◆ **What to do**: Reproduction of part of the material below, pictures omitted: copy exactly, and only, the lines starting with the one with "Teen cheerleaders Eliza" and going on through the one with "Crafted from dual-tone".

◆ **Data provided**:
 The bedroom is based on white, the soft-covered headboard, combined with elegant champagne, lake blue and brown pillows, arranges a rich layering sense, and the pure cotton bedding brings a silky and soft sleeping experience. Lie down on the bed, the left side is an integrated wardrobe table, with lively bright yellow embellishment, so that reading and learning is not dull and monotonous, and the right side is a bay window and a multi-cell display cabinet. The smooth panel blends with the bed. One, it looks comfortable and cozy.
---
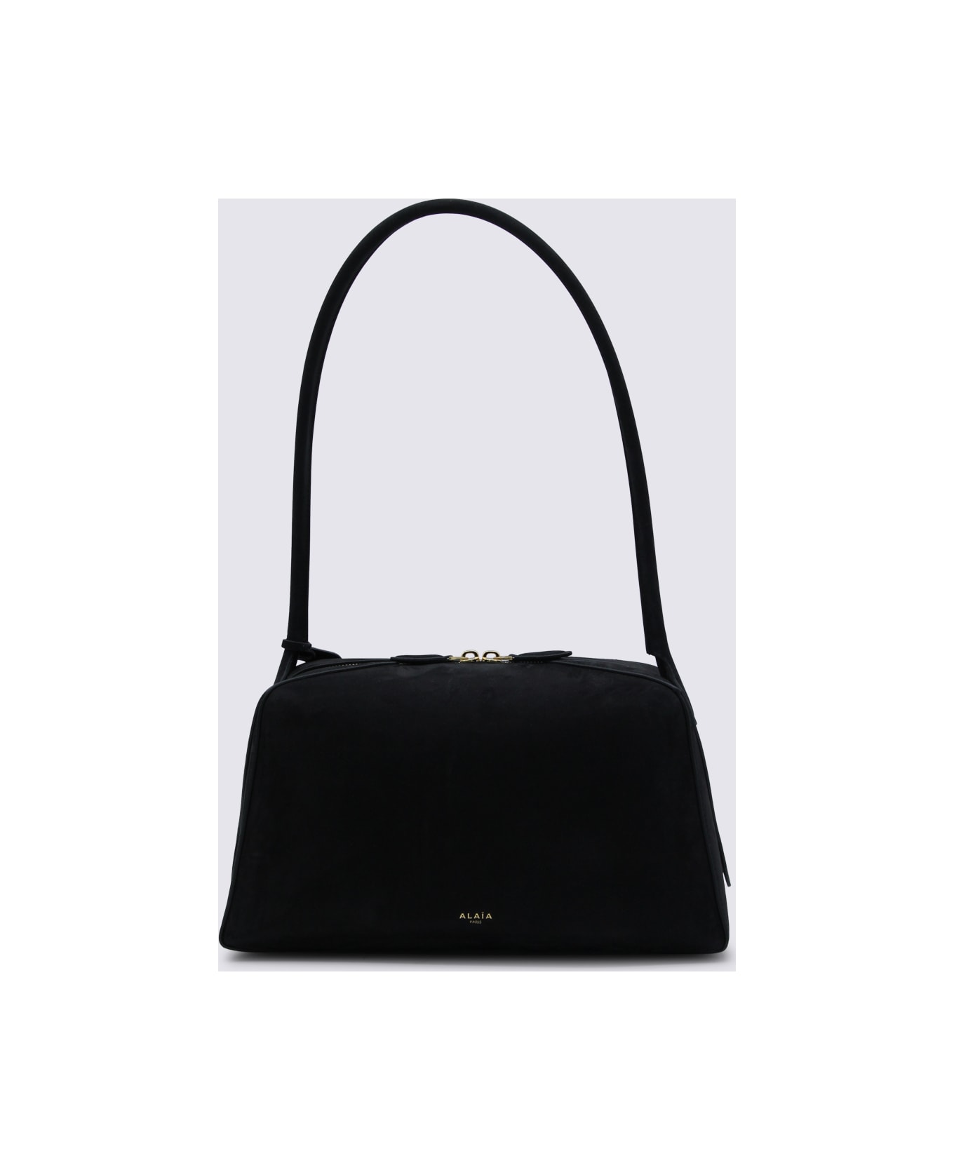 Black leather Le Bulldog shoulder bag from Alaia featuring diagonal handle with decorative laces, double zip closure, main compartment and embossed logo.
---
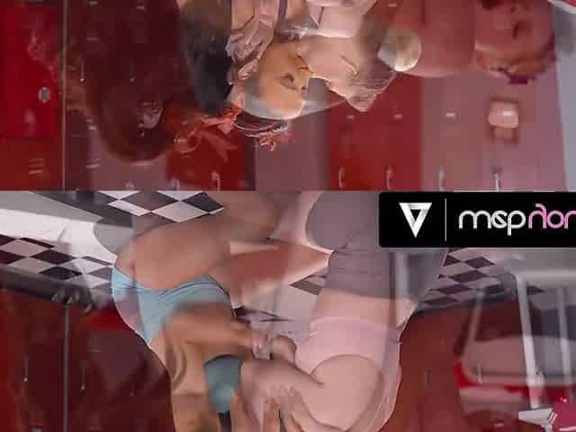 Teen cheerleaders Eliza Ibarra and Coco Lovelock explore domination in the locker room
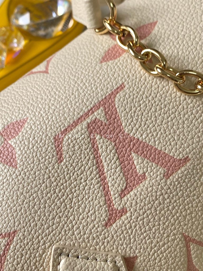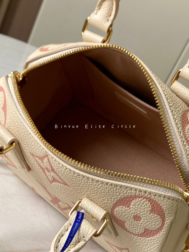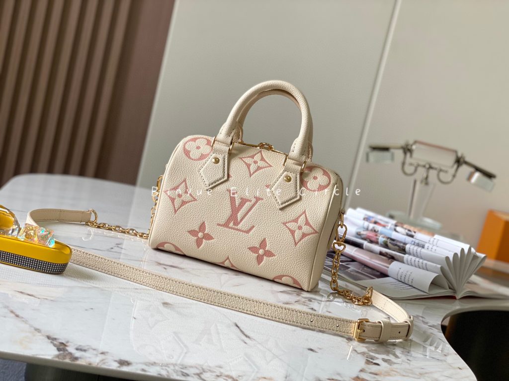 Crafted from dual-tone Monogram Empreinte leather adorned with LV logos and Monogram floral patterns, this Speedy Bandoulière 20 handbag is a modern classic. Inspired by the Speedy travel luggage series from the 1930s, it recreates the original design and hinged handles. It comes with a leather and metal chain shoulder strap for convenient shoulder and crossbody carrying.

◆ **Result**:
 Teen cheerleaders Eliza Ibarra and Coco Lovelock explore domination in the locker room
 Crafted from dual-tone Monogram Empreinte leather adorned with LV logos and Monogram floral patterns, this Speedy Bandoulière 20 handbag is a modern classic. Inspired by the Speedy travel luggage series from the 1930s, it recreates the original design and hinged handles. It comes with a leather and metal chain shoulder strap for convenient shoulder and crossbody carrying.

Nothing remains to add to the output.